# The task
Leave out the pictures, and retype the remaining data exactly.

◆ ◆ ◆ ◆ ◆

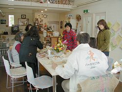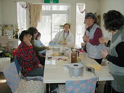 みんな揃ったのでお昼の準備をしているところです。Pさんは午前中八ヶ岳歩こう会の打ち合わせだったのでしょうか?(歩こう会のジャンパーを着ていたので・・) どんなお料理だったか知りたいでしょ?お料理は次のページに載せております。 |
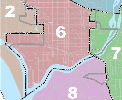 The revised plan, as noted on Monday, is a big political win for Ward 6 Councilmember Tommy Wells. Wells’ ward would have fractured along neighborhood lines under the previous plan. In the new plan, the D.C. Jail’s 2,000 or so inmates and the waterfront Reservation 13 tract would be counted as part of Ward 7, allowing Ward 6 to continue to hold the entirety of both the Hill East and Rosedale neighborhoods.
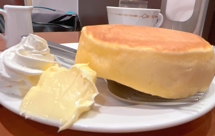 これはデザートで頼んだ「絞り立て抹茶モンブランパンケーキ」で、パンケーキ自体はすごくふわふわ食感でモンブラン部分はしっかりと抹茶の味がしました(*,,•ᴗ•,,)
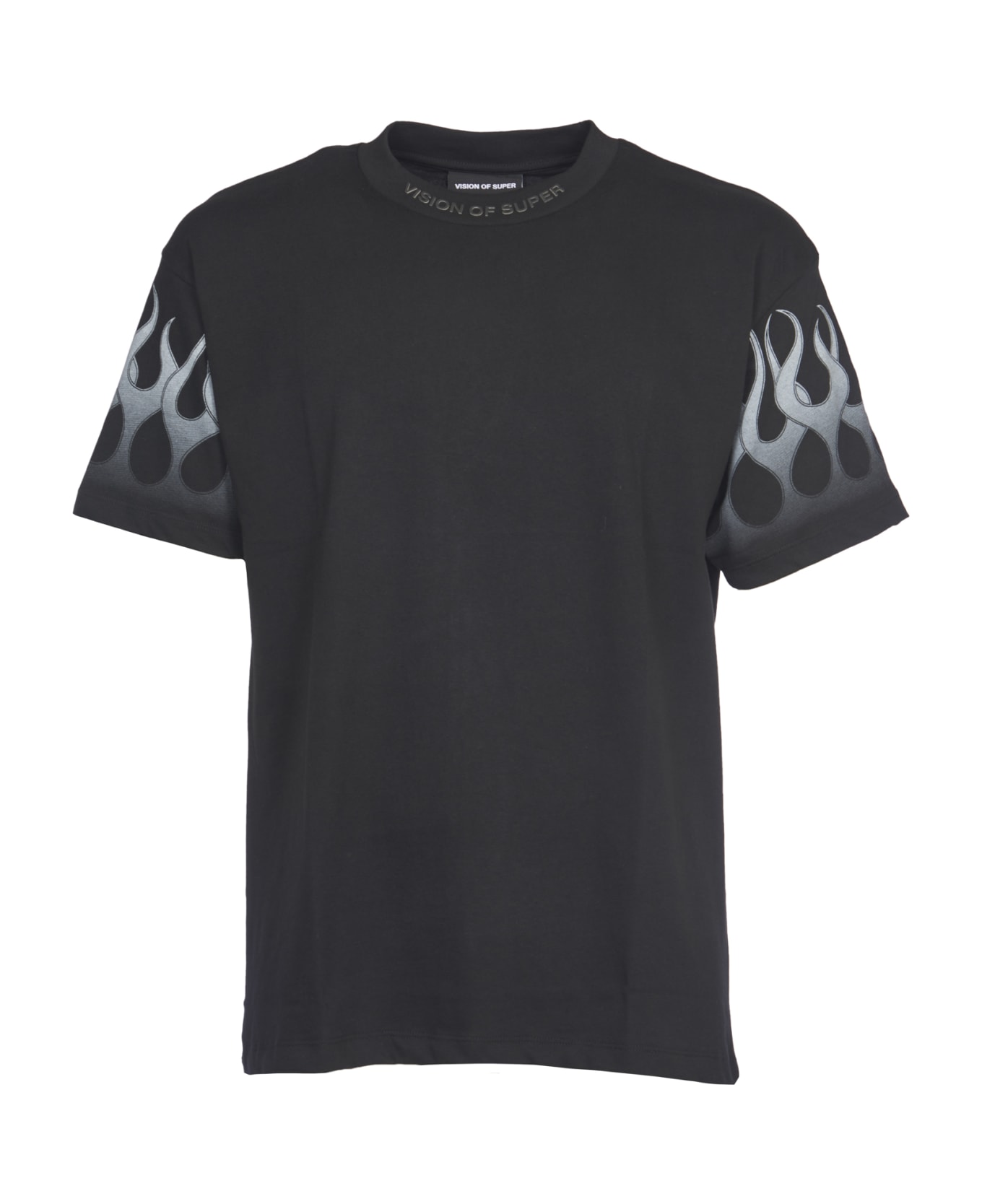 Black cotton T-shirt with contrasting flames print on the sleeves. T-shirt with Vision of Super logo embroidered on the crew neck. Model with half sleeves and round neck. -100% cotton
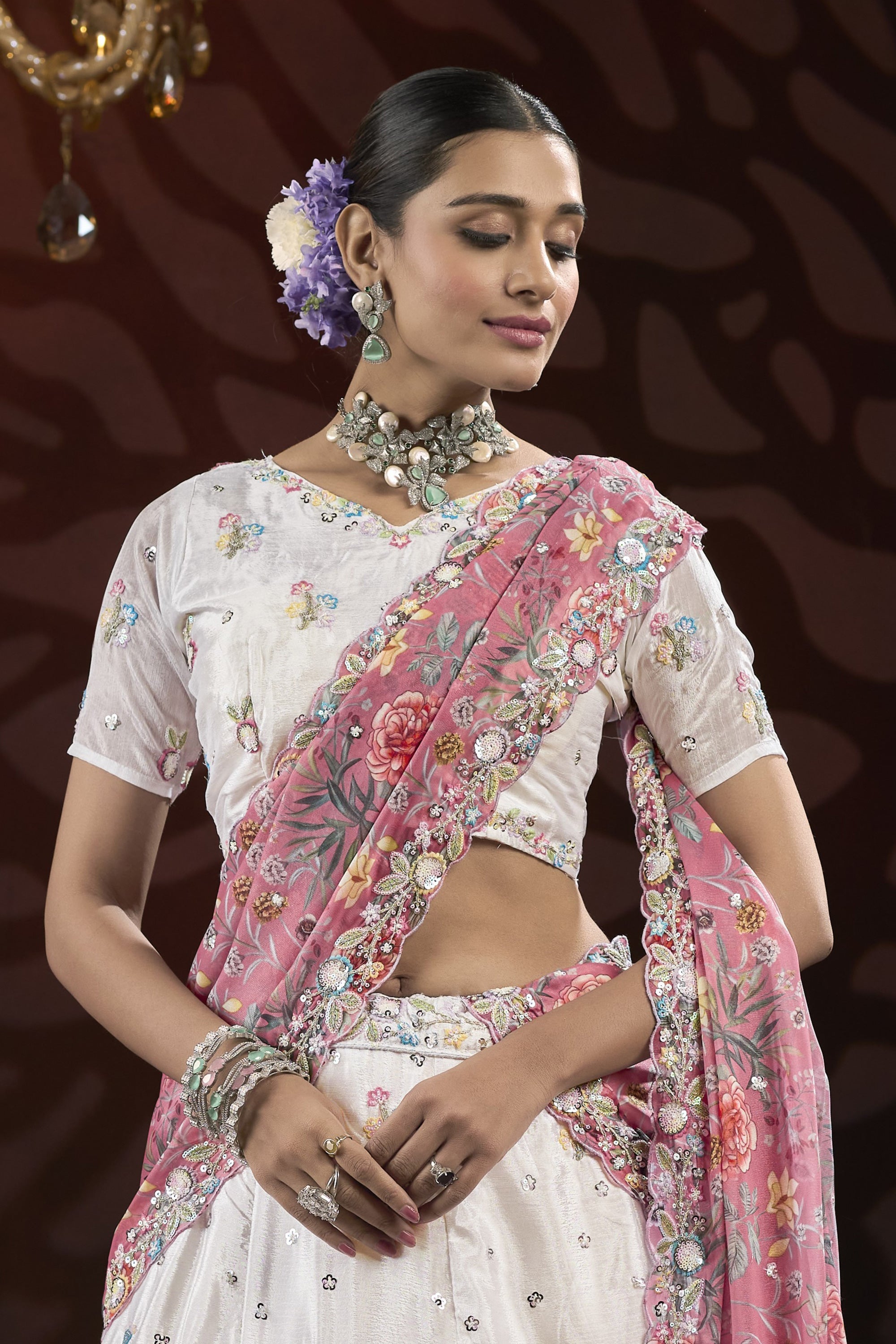 Discover the perfect blend of tradition and elegance with the Reach Color Designer Sangeet Wear Lehenga Choli. Crafted from high-quality Chinon fabric, this lehenga choli is adorned with dazzling sequins work, making it a show-stopper for any special occasion. Ideal for sangeet functions and weddings, the lightweight fabric provides comfort without compromising on style. The meticulously crafted sequins reflect light beautifully, ensuring you stand out in any crowd. Available in multiple sizes to fit every silhouette.
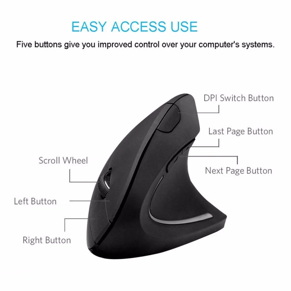 BEST Wireless Ergonomic Vertical Mouse 2.4G 6 Button Mice 1000 DPI Computer USB Optical Mouse for PC Lap

◆ ◆ ◆ ◆ ◆

# Output for this task
 みんな揃ったのでお昼の準備をしているところです。Pさんは午前中八ヶ岳歩こう会の打ち合わせだったのでしょうか?(歩こう会のジャンパーを着ていたので・・) どんなお料理だったか知りたいでしょ?お料理は次のページに載せております。 |
 The revised plan, as noted on Monday, is a big political win for Ward 6 Councilmember Tommy Wells. Wells’ ward would have fractured along neighborhood lines under the previous plan. In the new plan, the D.C. Jail’s 2,000 or so inmates and the waterfront Reservation 13 tract would be counted as part of Ward 7, allowing Ward 6 to continue to hold the entirety of both the Hill East and Rosedale neighborhoods.
 これはデザートで頼んだ「絞り立て抹茶モンブランパンケーキ」で、パンケーキ自体はすごくふわふわ食感でモンブラン部分はしっかりと抹茶の味がしました(*,,•ᴗ•,,)
 Black cotton T-shirt with contrasting flames print on the sleeves. T-shirt with Vision of Super logo embroidered on the crew neck. Model with half sleeves and round neck. -100% cotton
 Discover the perfect blend of tradition and elegance with the Reach Color Designer Sangeet Wear Lehenga Choli. Crafted from high-quality Chinon fabric, this lehenga choli is adorned with dazzling sequins work, making it a show-stopper for any special occasion. Ideal for sangeet functions and weddings, the lightweight fabric provides comfort without compromising on style. The meticulously crafted sequins reflect light beautifully, ensuring you stand out in any crowd. Available in multiple sizes to fit every silhouette.
 BEST Wireless Ergonomic Vertical Mouse 2.4G 6 Button Mice 1000 DPI Computer USB Optical Mouse for PC Lap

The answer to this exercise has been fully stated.